Observe history, observe ongoing train wreck. Resist and avoid despair, and as always, solution suggestions would be good.
Well, in the Dakotas like much of the Plains, a lot of the natural disasters that hit hardest are flooding, hail and straight-line derecho storms, or extensive droughts and now flash droughts. And states with populations so small their Senators outnumber their Representatives are going to find it tough to use “the performance enhancing drug” of private partners to finance their recoveries. (and let’s not think too hard about how weird an analogy like that gets into the conversation)
So, it appears that counties in the center of the country should get working with wind and solar companies and get generation and transmission projects going, since producing electricity for sale while the farm or ranch is suffering otherwise will at least help with revenues as the guy they voted for guts federal responsiveness.
I’ve long preferred a different approach to FEMA reform – along the lines of how the federal government used highway fund availability to get states to move to a unified 21-year-old legal age for buying alcohol. Start a phased-in approach where FEMA funding becomes a reimbursement rather than up-front funding to any state not meeting certain minimum criteria for decarbonization programs and for risk-reduction changes.

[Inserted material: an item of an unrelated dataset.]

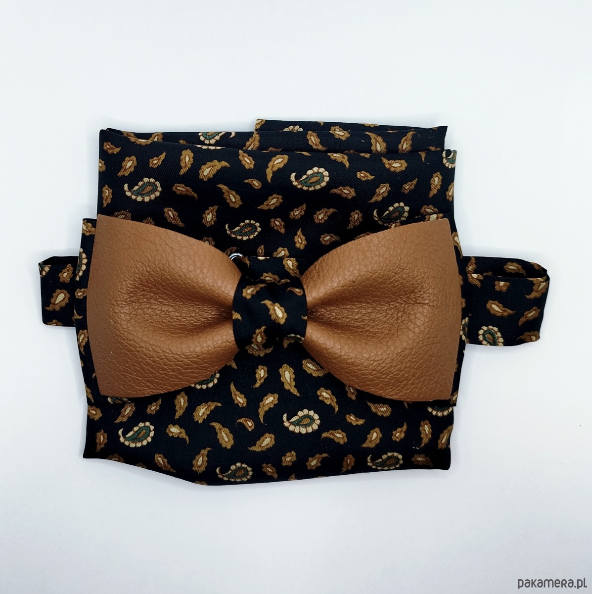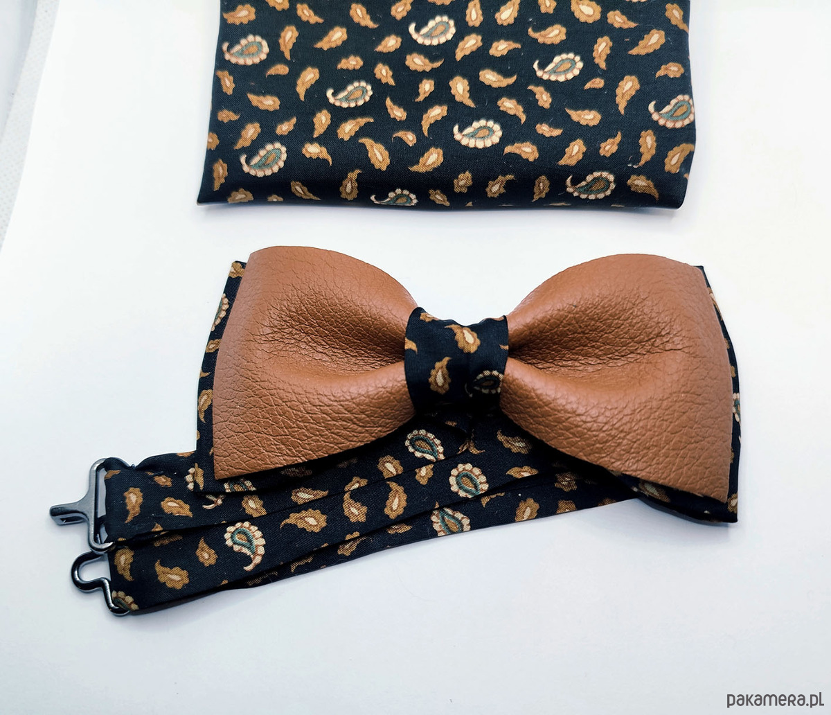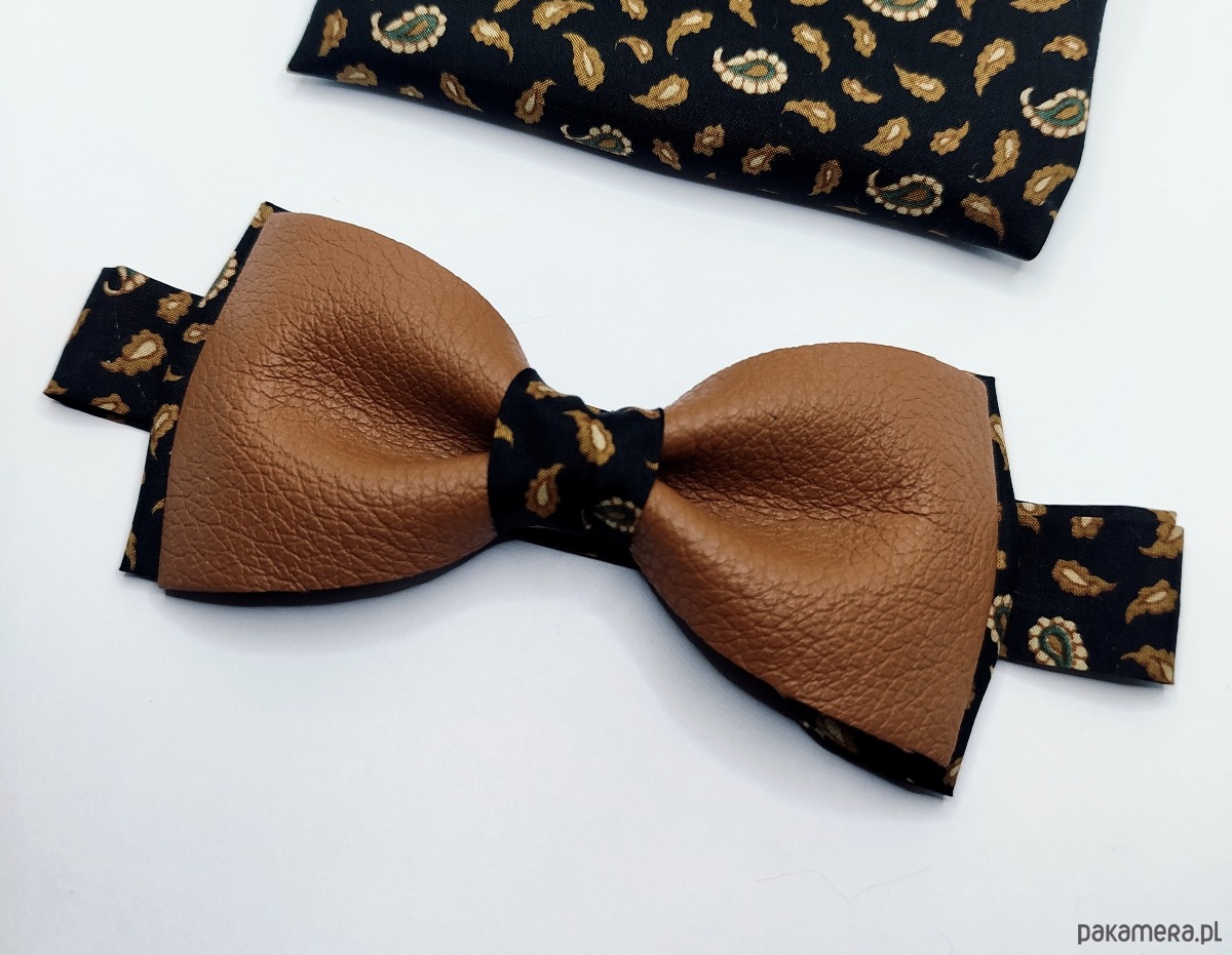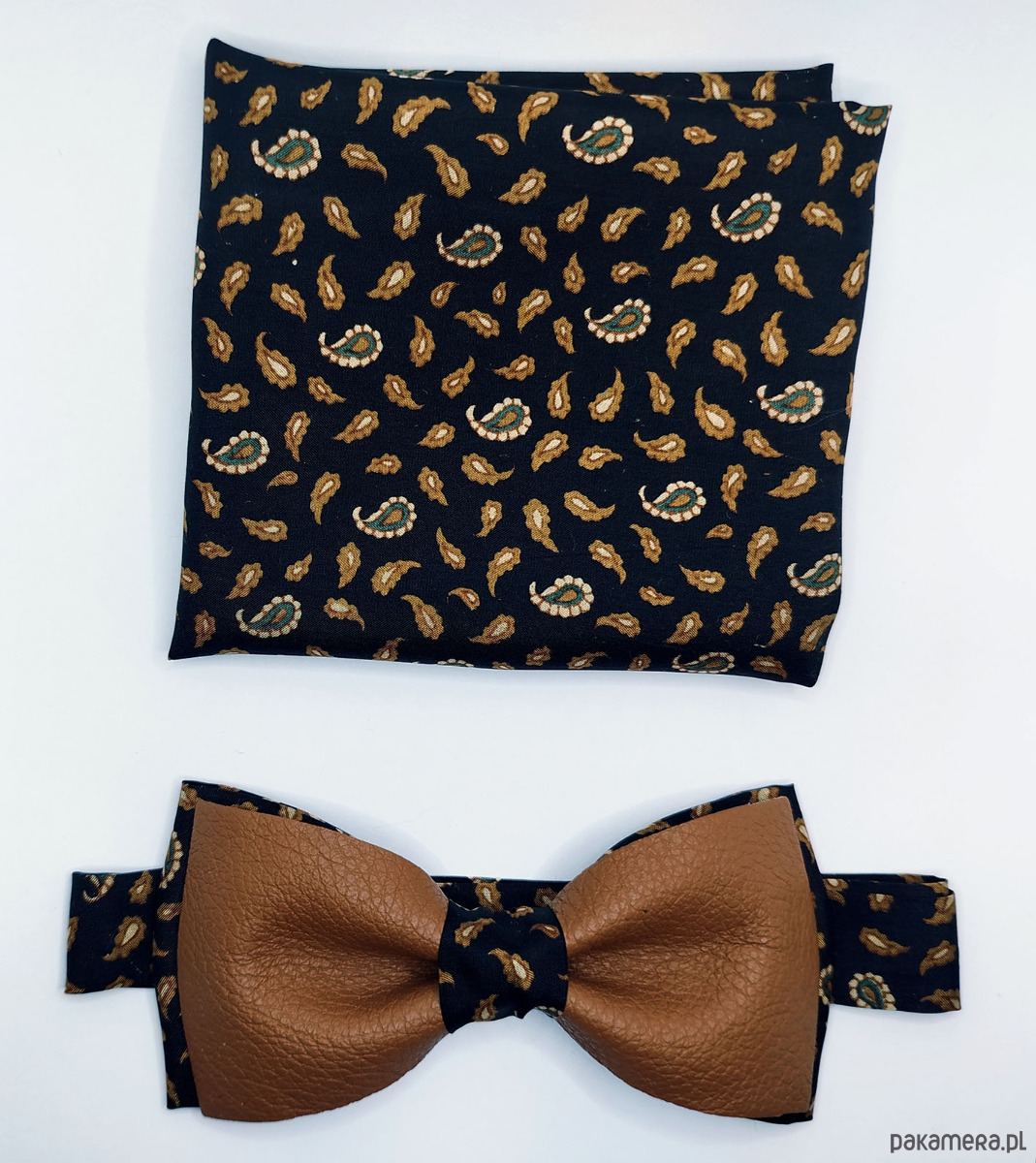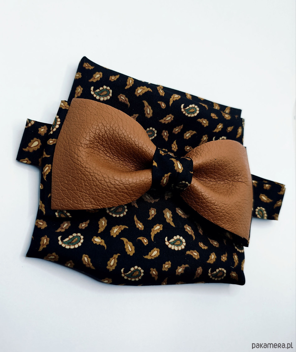 Muszka męska z poszetki z czarnego jedwabiu we wzory, połączona ze skórą naturalną w kolorze brązu. Taka kompozycja to pełna kwintesencja męskiej elegancji.

States wanting to continue increasing their own and others risk would be free to do so provided they choose the option of self-funding all of their disaster relief. Other states that instead are working to address the cause and the impacts constructively would still get FEMA funding when disasters hit.
Given our current administration, my fear is they’d implement the reverse – FEMA withholding from states trying to end fossil use and end rampant development in low-lying or fire-prone areas. And given a Congress that includes enough like-minded people to have withheld funds for the areas devastated by Gloria while speeding money to Florida and Texas I’m not expecting my idea would be implemented any time soon.
“Start a phased-in approach where FEMA funding becomes a reimbursement….”
One of FEMA’s great advantages is in the efficiency of centralized management and consistent response to disasters nationwide, and not expecting each state to replicate the same function. And that’s true of a lot of programs that DOGE is gutting: Providing a shared resource of research and personnel that every state with a small economy can take advantage of.
Y’know, the ol’ “promote the General Welfare” goal.
Of course, some people hate the thought of Federal taxes being spent on something their own state doesn’t need, like a certain Alaskan that showed contempt for fruit fly research.
I’m really hard pressed to think of a single example of Trump policy that isn’t effectively taking money and support away from the poor and handing it to the wealthy.
A lot of Trump policy, like trade wars and general chaos, is damaging otherwise prosperous business concerns.